Au Mexique, la longue marche de Rosario Ibarra contre l’impunité

A 36 ans de l’enlèvement
de son fils par des éléments de la Direction
Fédérale de Sécurité (DFS), Rosario Ibarra,
figure historique de la lutte contre l’impunité, poursuit
son combat qui n’a, malheureusement, jamais perdu son sens dans
un Mexique en proie à une violence qui semble ne pas
connaître de limites.

Aujourd’hui âgée de 84 ans et Présidente de
la Commission des Droits Humains du Sénat de la
République, Rosario Ibarra n’a jamais cessé son
combat. Le 18 avril 1975, son fils, Jésus Piedra Ibarra, membre
d’une organisation armée, la Ligue Communiste 23
Septembre, est détenu par des éléments de la DFS,
une force anticonstitutionnelle créée dans le but de
réprimer les organisations de gauche. Il ne
réapparaîtra jamais, tout comme des milliers
d’autres, étudiants ou ouvriers, qui, après le
massacre des étudiants ordonné par le Président
Gustavo Díaz Ordaz, le 2 octobre 1968, virent se fermer la
possibilité d’une transformation de la
société par la voie démocratique.

Eureka

En 1977, elle crée, avec d’autres mères de
disparus, le comité Eureka qui est, encore aujourd’hui, le
cadre dans lequel s’organisent les familles de disparus. En 1978,
les mères de disparus mènent une grève de la faim
historique, sur le parvis de la cathédrale, en plein cœur
de Mexico. Le courage nécessaire à la réalisation
d’une telle action sera payant, le Président José
López Portillo faisant voter une loi d’amnistie pour les
prisonniers politiques.

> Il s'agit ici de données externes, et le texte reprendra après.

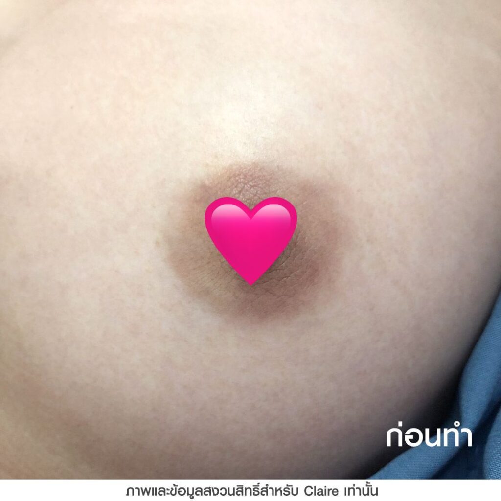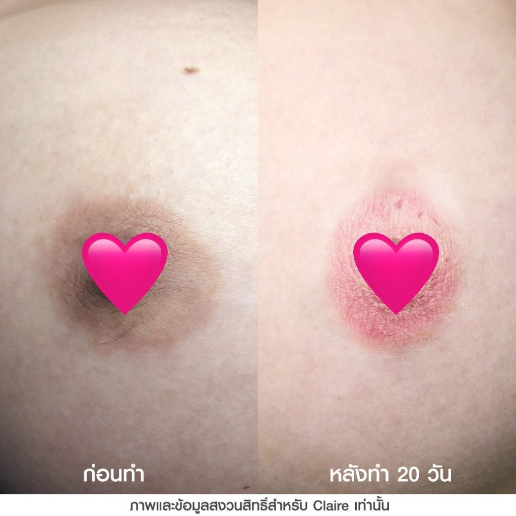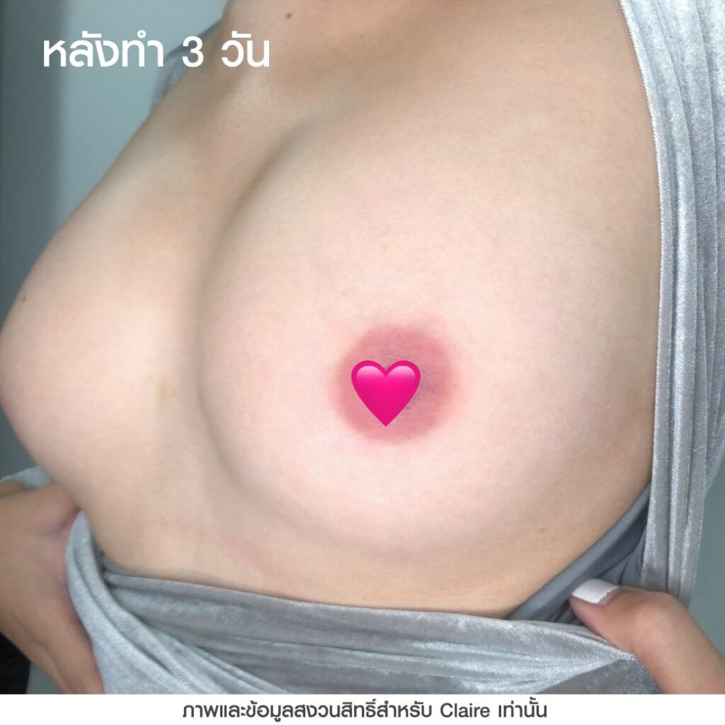 เคสนี้ได้ฝังสีปานนม Claire 1 ครั้ง หลังทำทันทีสีปานนมจะได้สีตามสีที่ลงไว้ ระหว่างที่รอลอกสีปานนมจะเข้มขึ้น โดยหลังจากสีลอกผลลัพธ์ที่ได้ก็ทำให้สีปานนมมีความสว่างขึ้นประมาณ 10-20% อาจจะไม่ได้สว่างหรืออมชมพูมาก ซึ่งต้องบอกว่าการฝังสีปานนมจะมีความแตกต่างกับการฝังสีปากที่หลังฝังสีปากสีริมฝีปากที่ได้จะสว่างและอมชมพูขึ้นทันที แต่การฝังสีปานนมหลังทำครั้งแรกจะมีความเข้ม

Dans la foulée de cette première
victoire est créé le Front National Contre la
Répression, qui obtiendra, l’année suivante, que le
Gouvernement commence à libérer les premiers
détenus-disparus. Ces derniers apporteront des
témoignages précieux sur les prisons clandestines, tel le
sinistre Camp Militaire numéro 1, ainsi que sur les autres
militants qui y étaient détenus.

    Aujourd’hui, le comité Eureka poursuit
sa lutte pour faire toute la lumière sur la période de la
guerre sale et pour mettre un terme à l’impunité
dont jouissent les responsables politiques et militaires de
l’époque. Rosario Ibarra vient de demander formellement la
comparution devant la justice de Luís Echeverría,
ministre de l’intérieur en 1968, pour la disparition de
son fils. Comme elle le souligne, les disparitions forcées, dans
lesquelles les forces armées sont impliquées, ont
été en augmentation constante durant les gouvernements de
Vicente Fox et de Felípe Calderón. Ce ne sont plus
uniquement des militants sociaux et politiques qui disparaissent ou
sont assassinés, mais des migrants et des jeunes, que des hommes
armés forcent à descendre des autobus dans lesquels ils
voyagent, et que l’on retrouve dans des fosses communes. Les
autorités tentent systématiquement de faire passer les
victimes pour des membres du crime organisé. Les
dénonciations par les familles sont rendues difficiles et nombre
d’entre elles préfèrent garder le silence, car
elles savent que bien souvent les autorités sont complices de
ces atrocités ou qu’elles protègent leurs auteurs.